- Church: Episcopal Church
- Diocese: Indianapolis
- Elected: March 26, 1977
- In office: 1977–1997
- Predecessor: John Pares Craine
- Successor: Catherine Waynick
- Previous post: Coadjutor Bishop of Indianapolis (1977)

Orders
- Ordination: February 1, 1955 by Nelson M. Burroughs
- Consecration: September 10, 1977 by John Allin

Personal details
- Born: March 25, 1929 Toledo, Ohio, United States
- Died: July 28, 2007 (aged 78) Bloomington, Indiana, United States
- Buried: Saint Alban's Church, Indianapolis
- Denomination: Anglican
- Parents: Mason Beach Jones & Gertrude Witker
- Spouse: Martha Anne Shelburne
- Children: 3
- Alma mater: Williams College

= Edward W. Jones =

American Episcopal clergy (1929–2007)

Edward Witker Jones (March 25, 1929 – July 28, 2007) was an American prelate of the Episcopal Church, who was the ninth Bishop of Indianapolis between 1977 and 1997.

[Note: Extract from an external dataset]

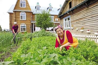 卓娅家对面住着当地旅游协会副会长潘乐杰,他家的民宿叫做“潘乐杰之家”。■下转第3版 ■上接第1版 “我虽然是汉族,但是我也是从小吃俄餐长大的。”提起小镇的往事,潘乐杰有说不完的话。

==Early life and education==
Jones was born on March 25, 1929, in Toledo, Ohio, the son of Mason Beach Jones and Gertrude Witker. He was educated at the Western Reserve Academy, and attended Williams College, from where he earned his Bachelor of Arts in 1951. After that he enrolled at the Virginia Theological Seminary, graduated with a Bachelor of Divinity in 1954, and was honored with a Doctor of Divinity in 1978. He married Martha Anne Shelburne on July 13, 1963, and together had three children.

==Ordained ministry==
Jones was ordained deacon in 1954, and priest on February 1, 1955 by Bishop Nelson M. Burroughs of Ohio, in Grace Church, Sandusky, Ohio. He served as assistant minister at Grace Church in Sandusky, Ohio from 1954 till 1957, and then as rector of Christ Church in Oberlin, Ohio and Episcopal Chaplain to Oberlin College from 1957 till 1968. He was appointed assistant to the Bishop of Ohio in 1968, and served in that capacity till 1971, when he became rector of St James' Church in Lancaster, Pennsylvania, where he remained till 1977.

==Bishop==
During a special meeting of the diocesan convention held at Christ Church Cathedral on March 26, 1977, Jones was elected Coadjutor Bishop of Indianapolis. He was consecrated on September 10, 1977, in Indianapolis. He succeeded as diocesan bishop earlier than expected, due to the death of Bishop John Pares Craine on December 24, 1977. Jones was a promoter of ecumenism, working closely with Christian and Jewish laity and clergy in Ohio, Pennsylvania, and Indiana. In 1996, he spoke in favor of closer unity with the Lutheran church. He was also a member of the Theology Committee of the House of Bishops which presented the case for the ordination of women to the episcopate to the 1988 Lambeth Conference. He retired in 1997.